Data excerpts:
=== Section Start ===
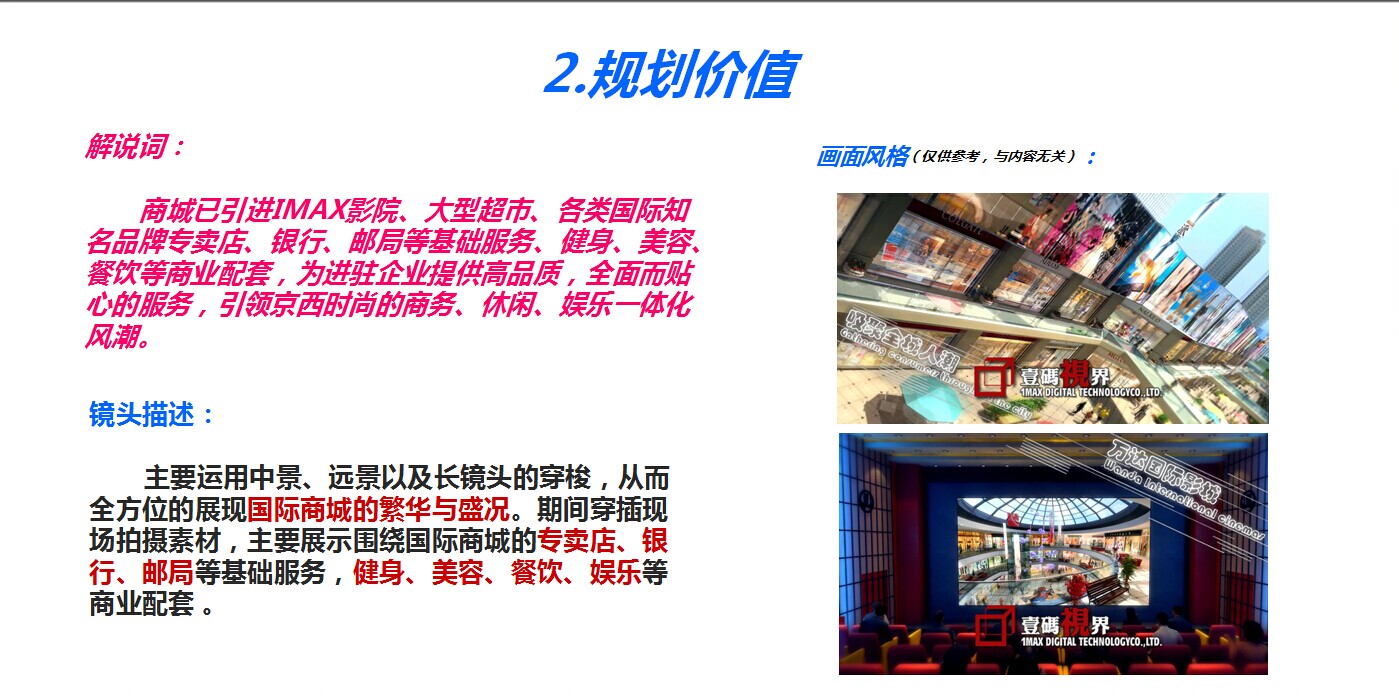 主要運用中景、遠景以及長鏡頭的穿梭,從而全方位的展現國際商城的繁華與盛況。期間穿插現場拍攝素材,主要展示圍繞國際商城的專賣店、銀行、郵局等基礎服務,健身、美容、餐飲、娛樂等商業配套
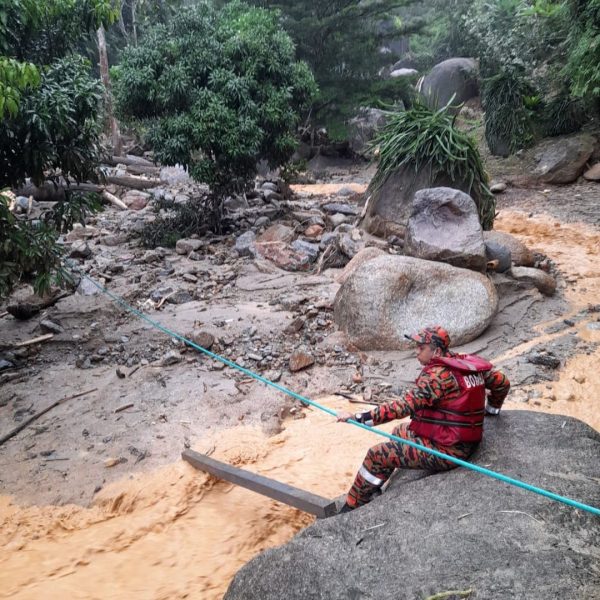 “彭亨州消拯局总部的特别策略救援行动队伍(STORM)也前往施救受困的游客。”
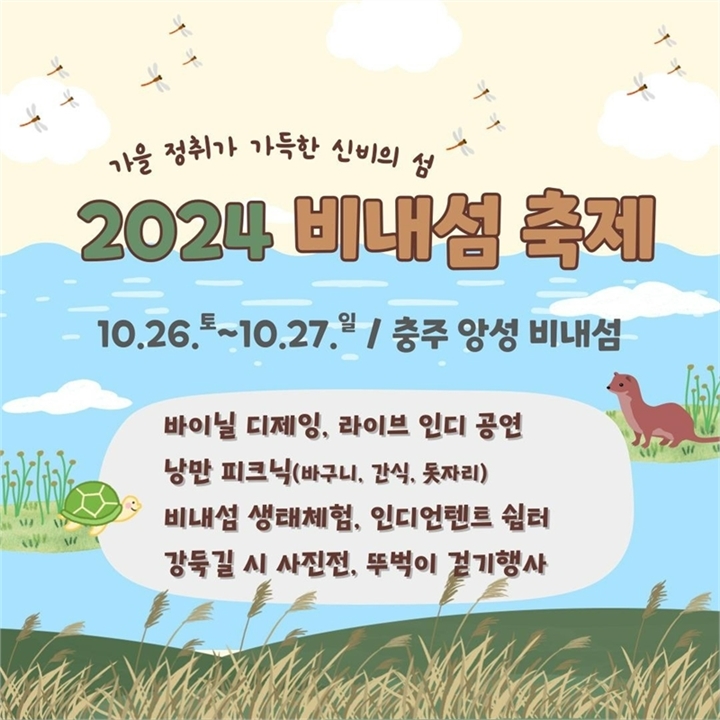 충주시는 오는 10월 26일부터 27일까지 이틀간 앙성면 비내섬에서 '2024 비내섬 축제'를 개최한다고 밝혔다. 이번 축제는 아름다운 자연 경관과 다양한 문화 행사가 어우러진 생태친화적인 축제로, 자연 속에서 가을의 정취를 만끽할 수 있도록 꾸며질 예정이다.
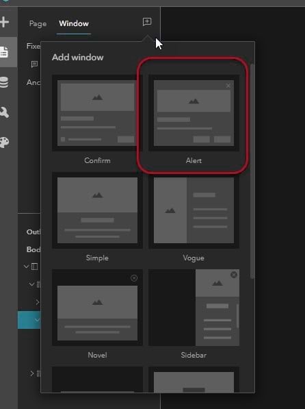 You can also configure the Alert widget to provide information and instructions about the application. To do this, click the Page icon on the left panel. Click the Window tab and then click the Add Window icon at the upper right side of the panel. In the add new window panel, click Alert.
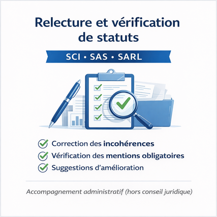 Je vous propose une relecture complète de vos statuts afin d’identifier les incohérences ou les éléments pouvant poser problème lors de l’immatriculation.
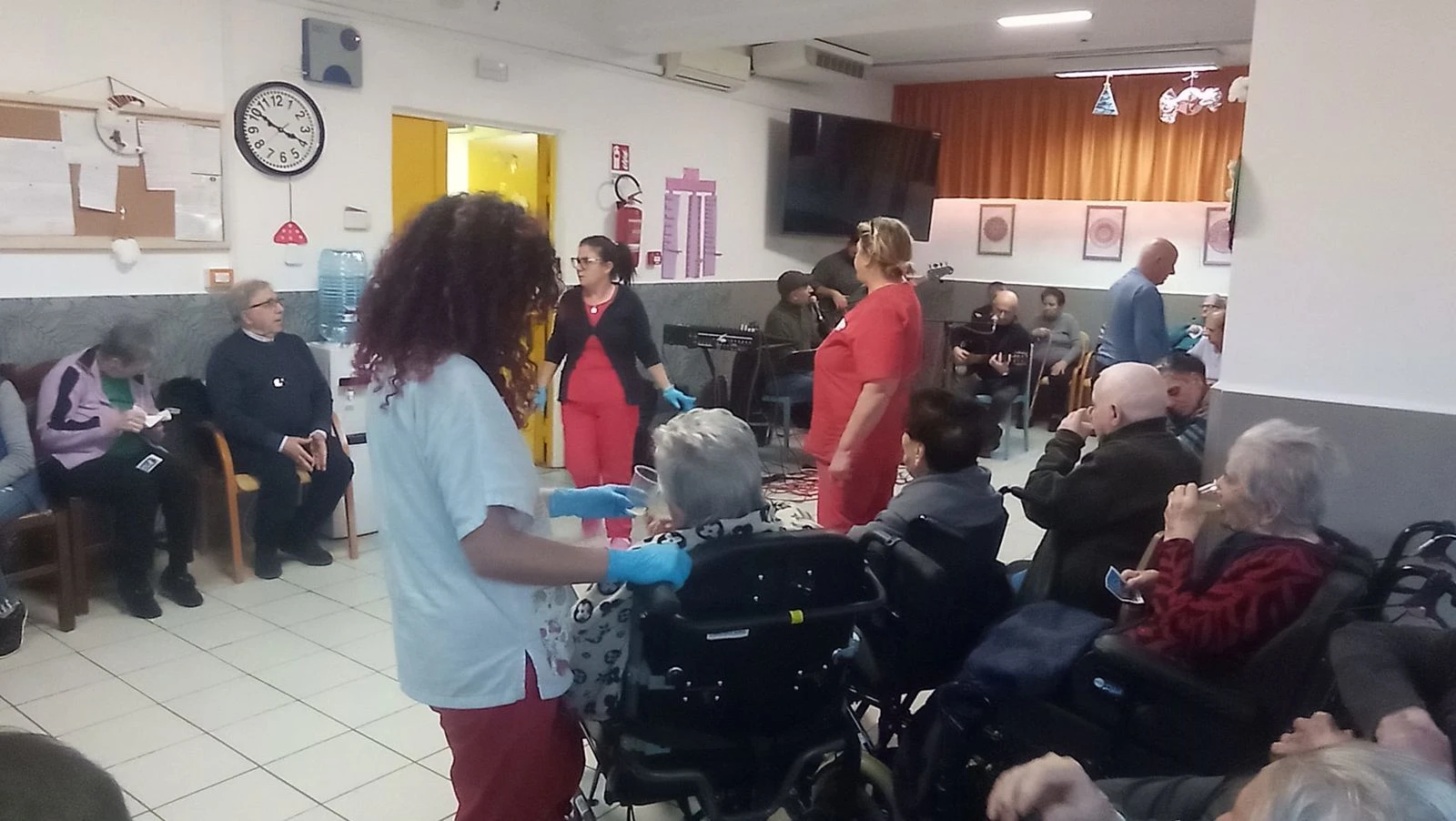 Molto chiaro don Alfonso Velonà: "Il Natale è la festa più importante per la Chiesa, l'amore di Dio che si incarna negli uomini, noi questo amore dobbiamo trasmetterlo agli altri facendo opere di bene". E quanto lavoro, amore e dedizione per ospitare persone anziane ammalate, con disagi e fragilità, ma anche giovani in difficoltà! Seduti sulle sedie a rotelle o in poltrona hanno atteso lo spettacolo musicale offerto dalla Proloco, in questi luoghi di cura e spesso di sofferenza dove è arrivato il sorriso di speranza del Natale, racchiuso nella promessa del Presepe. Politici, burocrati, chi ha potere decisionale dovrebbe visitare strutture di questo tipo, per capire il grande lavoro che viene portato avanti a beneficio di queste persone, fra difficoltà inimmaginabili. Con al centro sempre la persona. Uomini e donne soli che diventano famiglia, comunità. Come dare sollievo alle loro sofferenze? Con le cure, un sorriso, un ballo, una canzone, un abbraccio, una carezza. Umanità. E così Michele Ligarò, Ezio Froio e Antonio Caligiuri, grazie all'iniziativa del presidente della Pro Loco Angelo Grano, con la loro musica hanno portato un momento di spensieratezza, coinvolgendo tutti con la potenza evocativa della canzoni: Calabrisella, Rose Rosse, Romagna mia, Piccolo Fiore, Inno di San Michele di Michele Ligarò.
=== Section End ===
— Your goal —
Without the pictures, give every line of the data again, exactly as written.

— Output for this exercise —
 主要運用中景、遠景以及長鏡頭的穿梭,從而全方位的展現國際商城的繁華與盛況。期間穿插現場拍攝素材,主要展示圍繞國際商城的專賣店、銀行、郵局等基礎服務,健身、美容、餐飲、娛樂等商業配套
 “彭亨州消拯局总部的特别策略救援行动队伍(STORM)也前往施救受困的游客。”
 충주시는 오는 10월 26일부터 27일까지 이틀간 앙성면 비내섬에서 '2024 비내섬 축제'를 개최한다고 밝혔다. 이번 축제는 아름다운 자연 경관과 다양한 문화 행사가 어우러진 생태친화적인 축제로, 자연 속에서 가을의 정취를 만끽할 수 있도록 꾸며질 예정이다.
 You can also configure the Alert widget to provide information and instructions about the application. To do this, click the Page icon on the left panel. Click the Window tab and then click the Add Window icon at the upper right side of the panel. In the add new window panel, click Alert.
 Je vous propose une relecture complète de vos statuts afin d’identifier les incohérences ou les éléments pouvant poser problème lors de l’immatriculation.
 Molto chiaro don Alfonso Velonà: "Il Natale è la festa più importante per la Chiesa, l'amore di Dio che si incarna negli uomini, noi questo amore dobbiamo trasmetterlo agli altri facendo opere di bene". E quanto lavoro, amore e dedizione per ospitare persone anziane ammalate, con disagi e fragilità, ma anche giovani in difficoltà! Seduti sulle sedie a rotelle o in poltrona hanno atteso lo spettacolo musicale offerto dalla Proloco, in questi luoghi di cura e spesso di sofferenza dove è arrivato il sorriso di speranza del Natale, racchiuso nella promessa del Presepe. Politici, burocrati, chi ha potere decisionale dovrebbe visitare strutture di questo tipo, per capire il grande lavoro che viene portato avanti a beneficio di queste persone, fra difficoltà inimmaginabili. Con al centro sempre la persona. Uomini e donne soli che diventano famiglia, comunità. Come dare sollievo alle loro sofferenze? Con le cure, un sorriso, un ballo, una canzone, un abbraccio, una carezza. Umanità. E così Michele Ligarò, Ezio Froio e Antonio Caligiuri, grazie all'iniziativa del presidente della Pro Loco Angelo Grano, con la loro musica hanno portato un momento di spensieratezza, coinvolgendo tutti con la potenza evocativa della canzoni: Calabrisella, Rose Rosse, Romagna mia, Piccolo Fiore, Inno di San Michele di Michele Ligarò.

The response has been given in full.